A student throws a 9 gram of gum is thrown across the physics lab from a distance of 2.5 m. When the gum has a horizontal velocity of vo it connects with a mass on the end of 1.62 kg simple pendulum which is initially at rest. The pendulum has a length of L of 0.74 m. The gum sticks to the pendulum mass and swings backwards to gain a vertical height of 12.7 cm.
(a) What is initial velocity of the wad of gum?
vmax = ?
i used the formula 2pi (l/g)squareroot then 2pi/T to get the w and timed it by Amp but i still didn't get it right
You don't need the period of the pendulum (or the pendulum length) to do this problem. The vertical height H that the pendulum rises tells you the velocity the pendulum (mass M) and gum (mass m) acquire right after the collision. Call that velocity V.
V = sqrt (2 g H)= 1.58 m/s
Now apply conservation of momentum to the impact-and-sticking process (before the pendulum has swung at all). Let vo be the velocity of the gum before impact.

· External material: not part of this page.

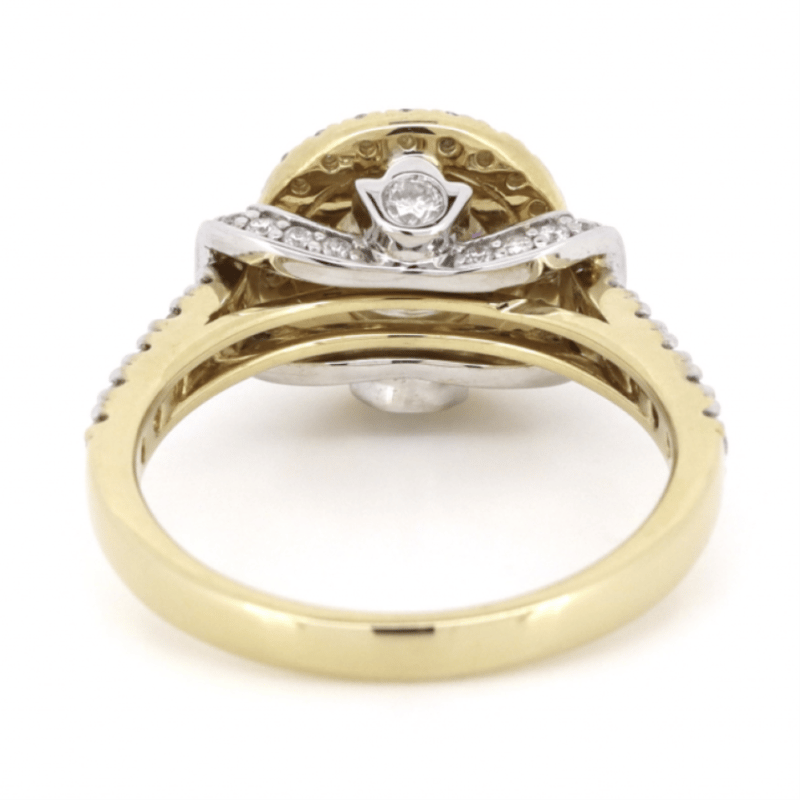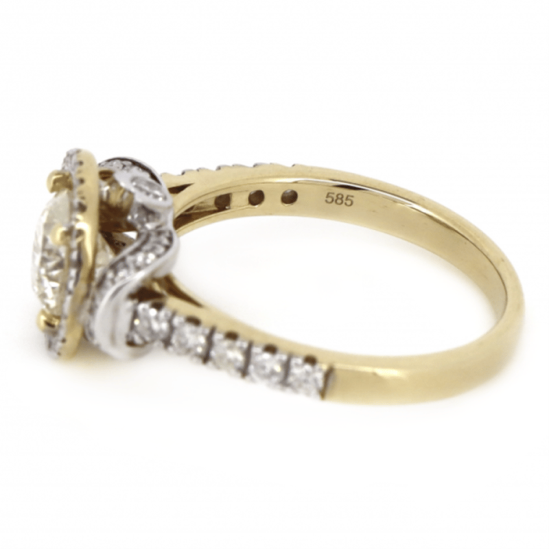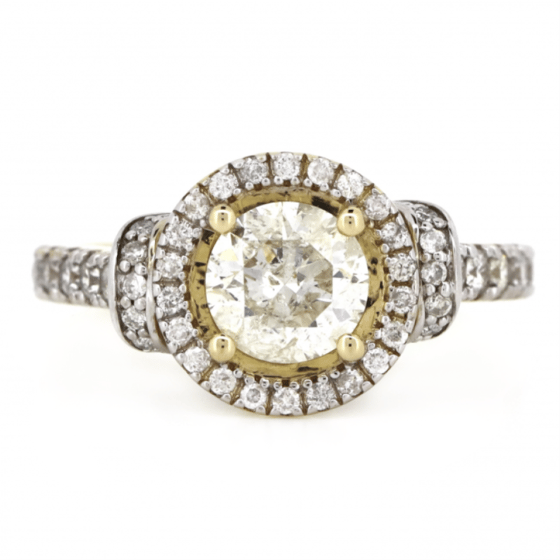 The Centre Features, One Round Brilliant Cut, Diamond (0.85Ct, M Colour, P2 Clarity), 4 Claw Set. Surrounding The Centre In A Halo, Decorating The Setting And Along The Band Are, 56 Round Brilliant Cut, Diamonds (0.67Ct Tdw, J-K Colour, P2+ Clarity), Claw/Bead Set. Ring Size M.

m vo = (M+m)V = (M+m)sqrt(2gH)
Solve for vo.
vo = (1.629/0.009)*1.58 m/s
286 m/s
I don't think gum can be thrown that fast. It is nearly the speed of sound. However, the method seems correct to me. I believe that unrealistic numbers have been provided
To find the initial velocity of the gum, we can use the principle of conservation of mechanical energy. The initial kinetic energy of the gum will be equal to the potential energy gained by the pendulum mass.

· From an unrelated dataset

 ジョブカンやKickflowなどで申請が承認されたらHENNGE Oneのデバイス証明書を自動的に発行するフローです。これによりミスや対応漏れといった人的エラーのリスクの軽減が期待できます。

First, let's find the potential energy gained by the pendulum mass. The formula for potential energy is given by:
PE = mgh
Here, m is the mass of the pendulum (1.62 kg), g is the acceleration due to gravity (9.8 m/s^2), and h is the vertical height gained by the pendulum mass (12.7 cm or 0.127 m).
PE = m * g * h
= 1.62 kg * 9.8 m/s^2 * 0.127 m
≈ 2.17 J (rounded to two decimal places)
Since the gum sticks to the pendulum mass, the potential energy gained by the pendulum is equal to the initial kinetic energy of the gum.
The formula for kinetic energy is given by:
KE = (1/2) * m * v^2
Here, m is the mass of the gum (9 grams or 0.009 kg), and v is the initial velocity of the gum.
Setting the potential energy gained equal to the kinetic energy of the gum, we can solve for v:
2.17 J = (1/2) * 0.009 kg * v^2
v^2 = (2.17 J) / (0.009 kg * (1/2))
v^2 ≈ 480.89 m^2/s^2 (rounded to three decimal places)
Taking the square root of both sides, we find:
v ≈ 21.94 m/s (rounded to two decimal places)
Therefore, the initial velocity of the wad of gum is approximately 21.94 m/s.